Requirement >> What is needed is an exact copy of the listing, with no pictures in it.

Data below >>

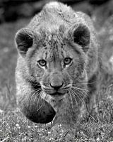 Afrikaanse leeuwenwelpje komt naar je toe in zwart wit
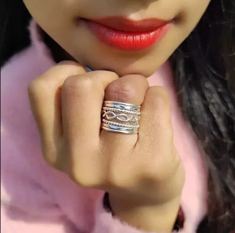 Solid 925 Sterling Silver Set Of Seven Band Ring Statement Handmade RingAll Size
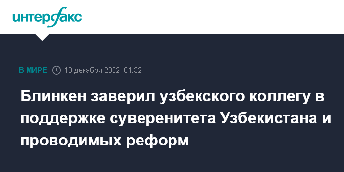 Москва. 13 декабря. INTERFAX.RU - Госсекретарь США Энтони Блинкен на встрече с главой узбекского МИД Владимиром Норовым заявил, что Соединенные Штаты всемерно поддерживают независимость и суверенитет Узбекистана, а также приветствовал проводимые в стране реформы, сообщил американский Госдепартамент.

Solved problem >>
 Afrikaanse leeuwenwelpje komt naar je toe in zwart wit
 Solid 925 Sterling Silver Set Of Seven Band Ring Statement Handmade RingAll Size
 Москва. 13 декабря. INTERFAX.RU - Госсекретарь США Энтони Блинкен на встрече с главой узбекского МИД Владимиром Норовым заявил, что Соединенные Штаты всемерно поддерживают независимость и суверенитет Узбекистана, а также приветствовал проводимые в стране реформы, сообщил американский Госдепартамент.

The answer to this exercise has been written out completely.